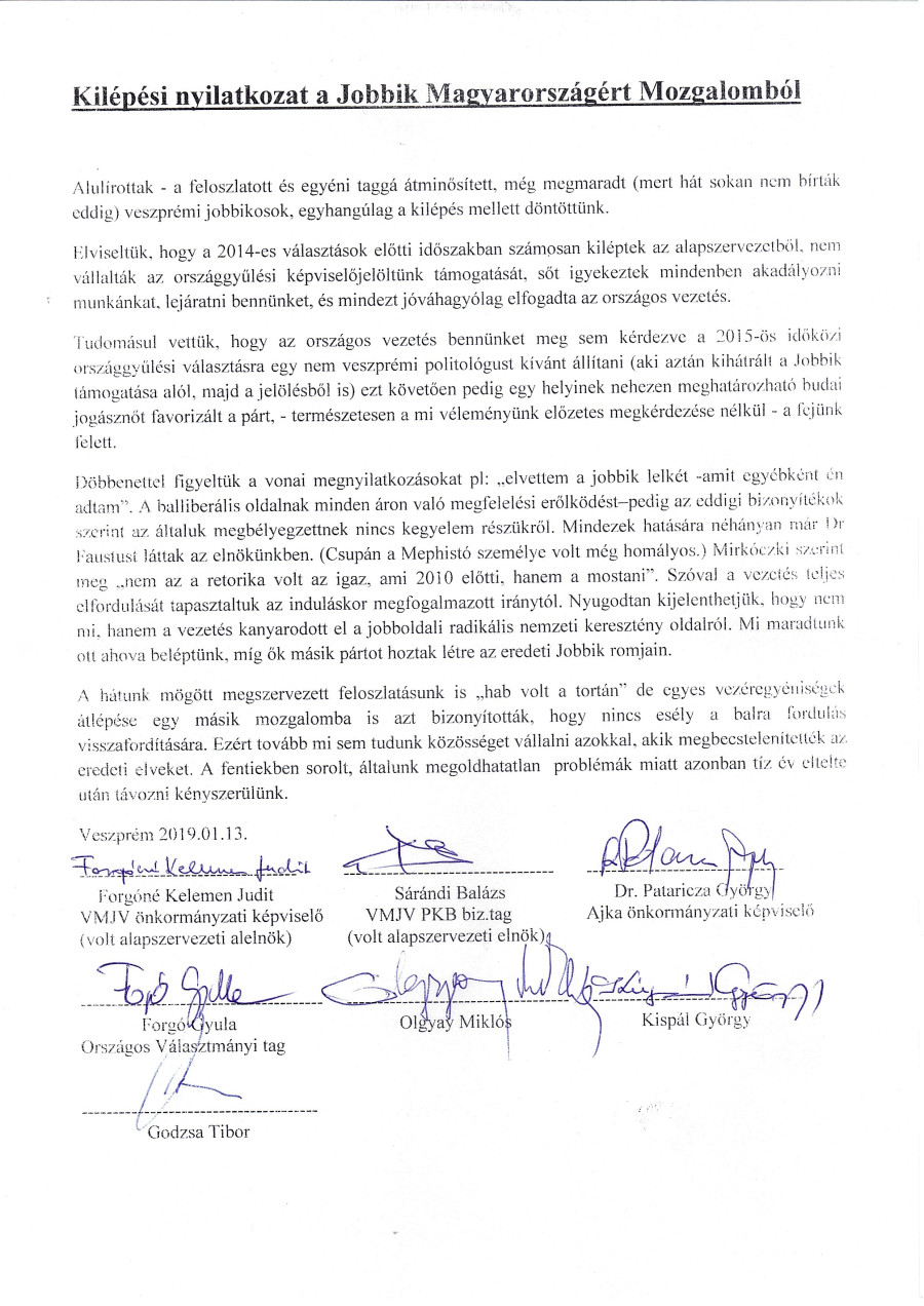 A Jobbikból távozó tagok az alábbi nyilatkozatot juttatták el szerkesztőségünkhöz:
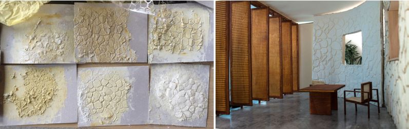 左图:虎皮石墙模型试样 右图:书斋空间中的虎皮石墙
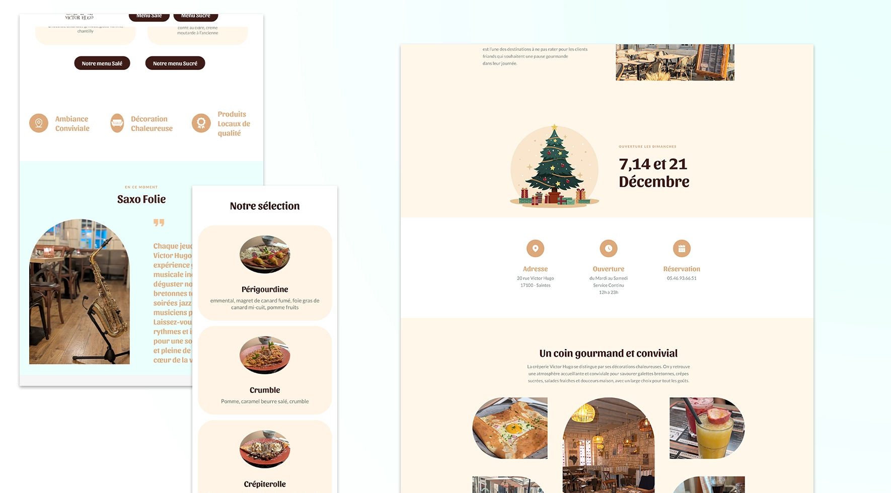 La crêperie Victor Hugo avait besoin d’un site capable de traduire en ligne ce « coin gourmand et convivial » que l’on découvre en poussant la porte du restaurant. L’enjeu était de faire ressentir, dès l’écran d’accueil, l’atmosphère chaleureuse du lieu et l’envie de s’y attabler pour une galette ou une crêpe.
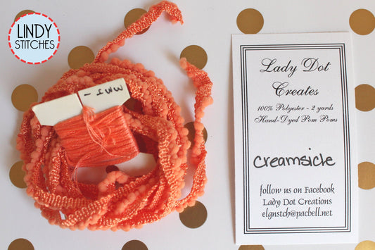 Creamsicle Mini Pom Pom Trim by Lady Dot Creates Hand Dyed 2 Yards Orange
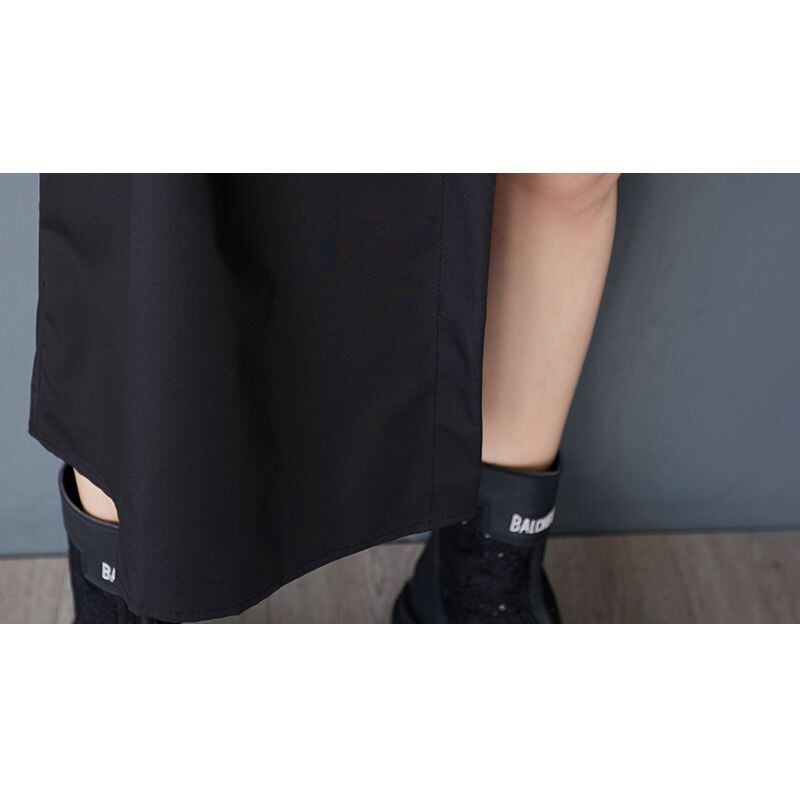 ユニークなビッグカラーとアシンメトリーなシルエットが目を引くブラックブラウス。
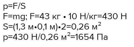 Мальчик массой 43 кг стоит на лыжах. Длина каждой лыжи равна 1,5 м, ширина равна 9 см.
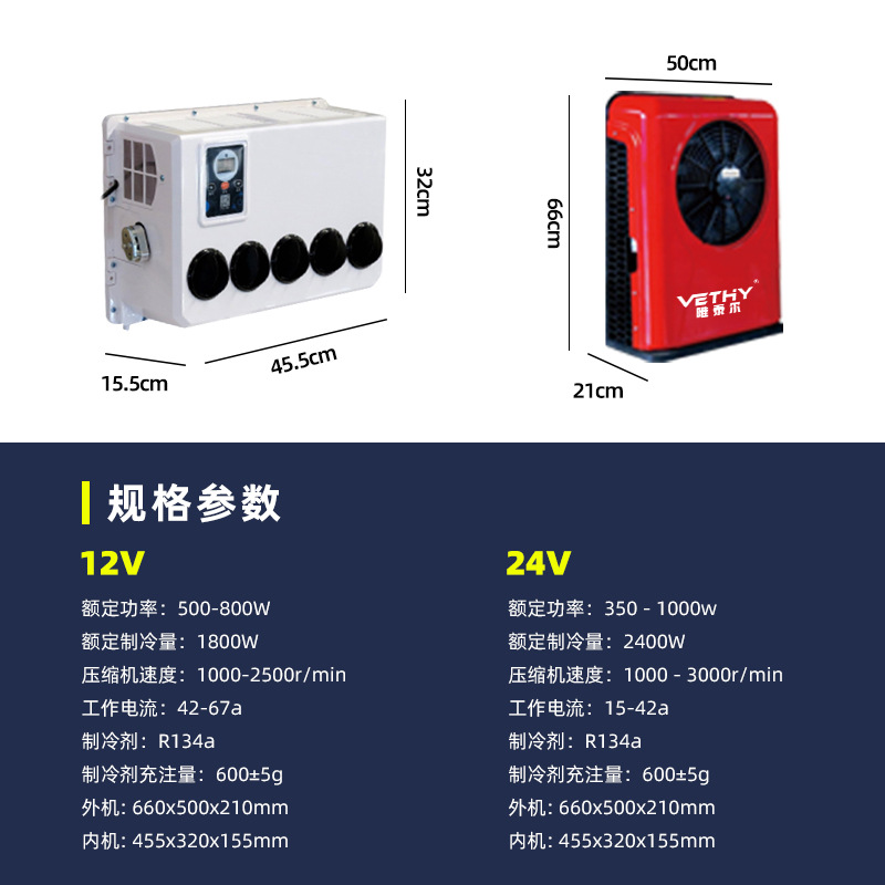 外贸批发24V冷暖驻车空调大货车房车专用车载空调一体机智能变频
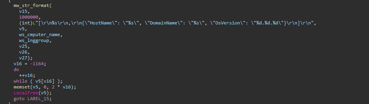 The browser stealer is a separate x64-bit DLL that executes its malicious code through the "DllGetClassObject" export function. This malware aims to extract information such as domain name, computer name, and OS version using the NetWkstaGetInfo() and RtlGetVersion() APIs. Figure 6.1 and 6.2 display code snippets illustrating how the malware retrieves the specified information using these two Windows APIs and formats it before transmitting the data to its C2 server.
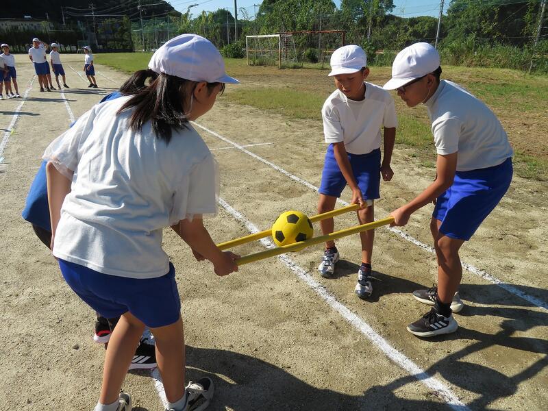 ↑5・6年生は体育で団技やリレーの練習をしていました。元気いっぱい取り組み、友達の走りを応援する姿もよかったです
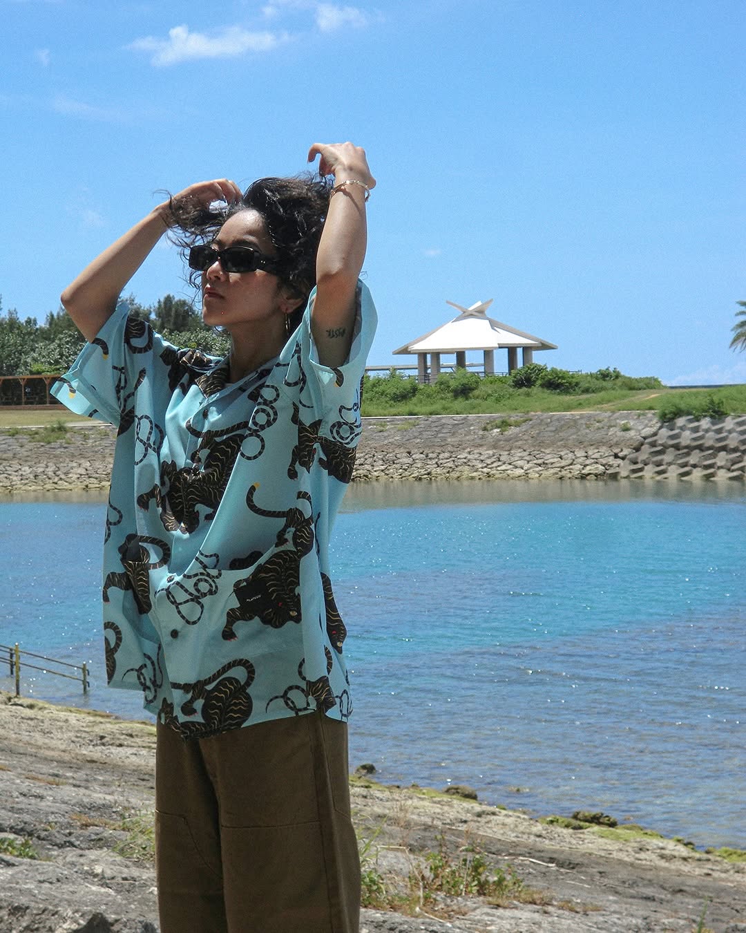 エキゾチックで妖艶、なんとも色っぽい動物や草花が特徴の現代アート作家 Miho Murakamiのグラフィックを落とし込んだ開襟シャツ。柔らかくて品のある風合いだけどイージーケアで扱いやすい、着心地抜群のポリエステル生地。ワイドシルエット。

Activity: Return each line from the material above exactly, but not the pictures.

Solution for this problem:
 A Jobbikból távozó tagok az alábbi nyilatkozatot juttatták el szerkesztőségünkhöz:
 左图:虎皮石墙模型试样 右图:书斋空间中的虎皮石墙
 La crêperie Victor Hugo avait besoin d’un site capable de traduire en ligne ce « coin gourmand et convivial » que l’on découvre en poussant la porte du restaurant. L’enjeu était de faire ressentir, dès l’écran d’accueil, l’atmosphère chaleureuse du lieu et l’envie de s’y attabler pour une galette ou une crêpe.
 Creamsicle Mini Pom Pom Trim by Lady Dot Creates Hand Dyed 2 Yards Orange
 ユニークなビッグカラーとアシンメトリーなシルエットが目を引くブラックブラウス。
 Мальчик массой 43 кг стоит на лыжах. Длина каждой лыжи равна 1,5 м, ширина равна 9 см.
 外贸批发24V冷暖驻车空调大货车房车专用车载空调一体机智能变频
 The browser stealer is a separate x64-bit DLL that executes its malicious code through the "DllGetClassObject" export function. This malware aims to extract information such as domain name, computer name, and OS version using the NetWkstaGetInfo() and RtlGetVersion() APIs. Figure 6.1 and 6.2 display code snippets illustrating how the malware retrieves the specified information using these two Windows APIs and formats it before transmitting the data to its C2 server.
 ↑5・6年生は体育で団技やリレーの練習をしていました。元気いっぱい取り組み、友達の走りを応援する姿もよかったです
 エキゾチックで妖艶、なんとも色っぽい動物や草花が特徴の現代アート作家 Miho Murakamiのグラフィックを落とし込んだ開襟シャツ。柔らかくて品のある風合いだけどイージーケアで扱いやすい、着心地抜群のポリエステル生地。ワイドシルエット。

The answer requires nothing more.